Although there was a 2,5-litre V6 in the line-up, CAR didn't ever assess one. We tested a pair of 2,0-litre models, 12 with 3,0-litre V6s and the very first prototype Granada V8 developed for Ford by Basil Green with a 5,0-litre Mustang engine under the bonnet.

Power steering was optional and the suspension used independent coil springs front and rear for a cosseting ride. Boot capacity for many of these classic cars was usually way larger than the ones we are supplied with today; the Granada’s was measured at 425 litres.


The 3,0-litre powertrains were known as “Essex engines” because the main factory was located in Dagenham, Essex. They were also built locally. The 2,5-litre was known as the “Cologne engine” because of its wide use in Germany (first in Taunus and 20M models) as well as the rest of Europe.

The 2,0-, 2,5- and 3,0-litre units were all fed by a dual-barrel Weber and the V8 was fed from a four-barrel Holley.
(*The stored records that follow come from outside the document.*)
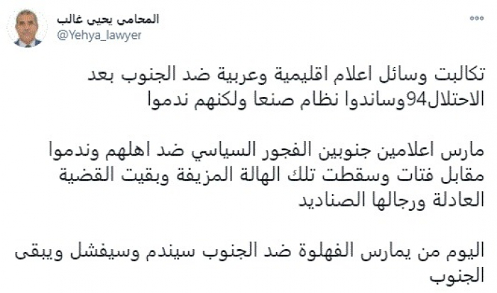 وجه الناشط السياسي المحامي يحيى غالب، اليوم، رسالة نارية للإعلاميين المعادين للجنوب.
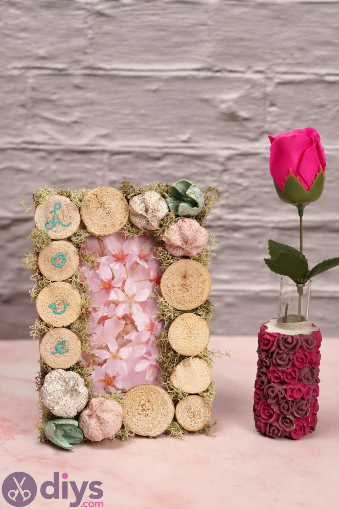 Maintenant que le cadre photo en carton est installé, vous voudrez prendre les tranches de bois avec les lettres peintes. Nous les avons ajoutés sur le côté gauche du cadre. Ensuite, nous sommes allés et avons arrangé l’autre tranches de bois et plantes sèches au cadre pour voir à quoi ils ressembleraient le mieux. Vous voulez que les lettres soient proches les unes des autres, mais vous avez libre cours sur la façon dont le reste des pièces sont disposées.
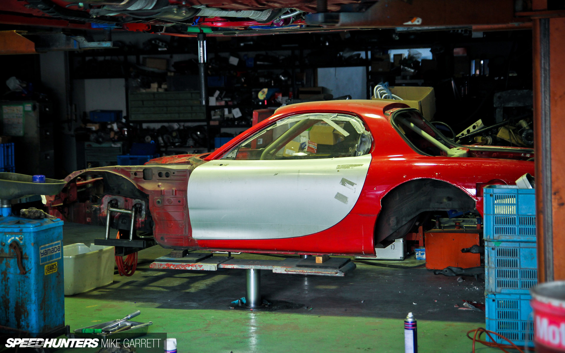 On the particular afternoon we visited, there were a pair of FD3S RX-7s in the shop. One was a complete Greddy Super 7 with its distinct Porsche front end…
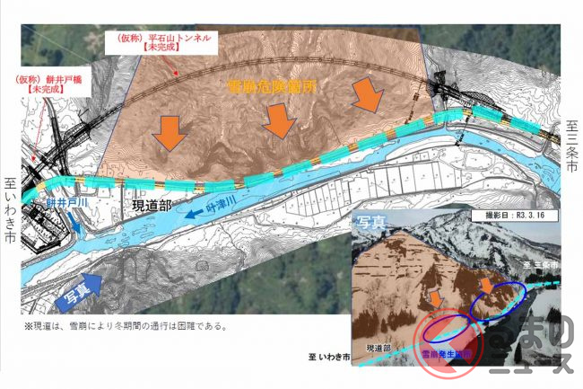また、福島県の施工区間は、平石山トンネル(仮称)周辺で用地取得に時間を要していることや、追加の雪崩対策が必要となることといった課題があり、「2026年秋~2027年夏」の開通の際は、一部現道を活用した暫定開通となるそうです。この場合、現道は依然として雪崩の危険があるため、冬期間は通行止めとなります。
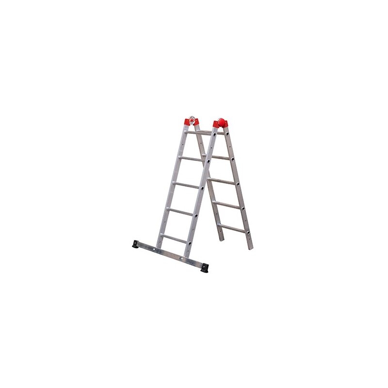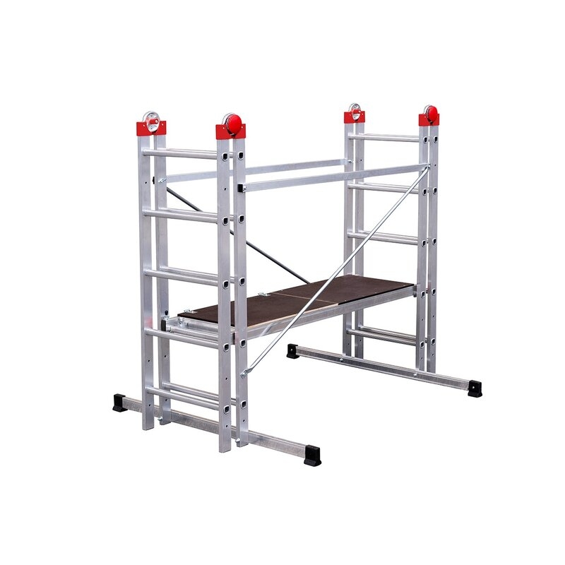 Plataforma de trabajo (Eurodeck) de madera (Pino Radiata Multistrato) reforzada por 2 estructuras de acero perfiladas en los extremos para un perfecto ajuste con el peldaño. 2 varillas de acero cruzadas. Kit de ruedas para montar en el soporte lateral a 2 mm del suelo para facilitar su desplazamiento.

Power outputs for the 2,5-, 3,0- and 5,0-litre engines were 88 kW, 102 kW and 161 kW, respectively. With the second generation, a 2,0-litre was introduced with 73 kW.

The V6 engines were steadily improved over the years to reduce oil consumption and leaks, while the fibre camshaft gear was switched to a much more robust cast-iron unit. At the end of 1974, a C3 auto transmission replaced the previous C2. Both had just three forward ratios.

Which one to get

The Coupé would be the first choice and a 3,0-litre engine is better than a 2,0-litre. A 2,5 V6 would make for a special classic but engine parts might be rarer and pricier.

What to watch out for

The V6 engines need some care, so check for signs of smoke and perform a compression test before you assume all is well. The pressure should be 1 100 kPa for both the 1,5- and 3,0-litre. The 2,0-litre has a slightly higher compression ratio and its reading should be 1 100 to 1 200 kPa. Check for oil leaks and propshaft vibrations due to play in the centre bearing and universal joints. Ensure the carburettors are properly tuned to confine fuel consumption.

The V6 engines were so popular that parts are readily available and inexpensive.

Availability and prices

Being a larger, more expensive car, you would expect lower sales numbers. But back in the 1970s, larger cars were all the rage and the sales were surprisingly healthy. In fact, more than 7 000 units were retailed in 1973 and ‘74, after which numbers began to decline. The 2,5 V6 was sold from 1973 to ‘75, the 3,0 V6 from 1972 to ‘82 and the 2,0-litre four-cylinder from 1978 to ‘80.